8) Update your pattern library with base rates
Archetype performance tracking:
| Archetype | Deals | Success rate | Avg Brier | Notes |
|---|---|---|---|---|
| First-time founder, crowded market | 8 | 25% | 0.28 | Over-confident on differentiation |
| Second-time founder, distribution edge | 5 | 80% | 0.15 | Under-confident on execution |
| Technical founder, no GTM | 6 | 33% | 0.32 | Over-weight technical moat |
9) Measure learning rate (quarterly)
Rolling Brier score by quarter:
| Quarter | Deals scored | Avg Brier | Calibration gap | Trend |
|---|---|---|---|---|
| Q1 2025 | 12 | 0.28 | 15% over-confident | Baseline |
| Q2 2025 | 15 | 0.24 | 10% over-confident | Improving |
| Q3 2025 | 14 | 0.21 | 8% over-confident | Improving |
| Q4 2025 | 16 | 0.19 | 5% over-confident | Good |
Learning rate = (Brier_t - Brier_t-1) / Brier_t-1
Target: 5-10% improvement per quarter until Brier < 0.20
10) Create follow-up list
| What to track | Signal | Recheck date | Prediction to score |
|---|---|---|---|
| P(___) = ___% | |||
| P(___) = ___% |
| Who to keep warm | Why | Next touch |
|---|---|---|
Quarterly calibration review
Every quarter:
- Score all predictions that reached outcome date
- Calculate Brier scores by deal and overall
- Update calibration table (predictions vs outcomes by confidence bucket)
- Identify systematic biases (over/under-confidence patterns)

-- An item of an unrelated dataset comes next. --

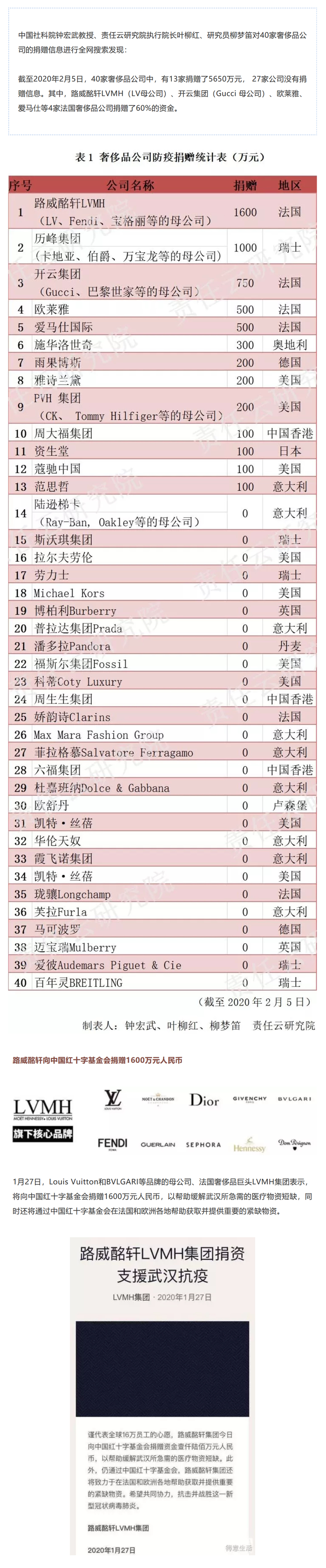 原标题:责任战疫 | LVMH等13家奢侈品公司捐赠5650万抗击疫情,法国公司占60%

- Review passes that raised: were pass reasons validated?
- Update heuristics with new base rates
- Calculate learning rate vs previous quarter
Quarterly output:
- Brier score trend chart
- Calibration curve (predicted % vs actual %)
- Top 3 biases to correct
- Updated heuristic base rates
Annual review: Portfolio outcomes vs initial thesis
For each portfolio company:
- What did we believe at investment?
- What's the current reality?
- Where were we right/wrong?
- Score the original predictions
- Update archetype base rates
Annual output:
- Portfolio Brier score
- Best/worst calibrated predictions
- Archetype performance update
- Learning rate over 4 quarters
- Heuristics validated or invalidated
Salesforce logging (optional)
If Salesforce is your system of record:
- Add predictions as structured fields on Opportunity (or in Notes)
- Record confidence levels at each stage
- Link postmortem Note titled "Postmortem (YYYY-MM-DD)"
- Update outcome fields when known
- Tag with heuristics extracted
Edge cases
- If you have no outcome yet: run a "process postmortem" focused on what you learned and what evidence was missing. Record predictions for future scoring.
- If the outcome is ambiguous: define binary success criteria now, score later.
- If you can't remember your initial thesis: reconstruct as honestly as possible, and start recording predictions with probabilities now.
- If you have few deals: even 10-15 scored predictions start to show calibration patterns.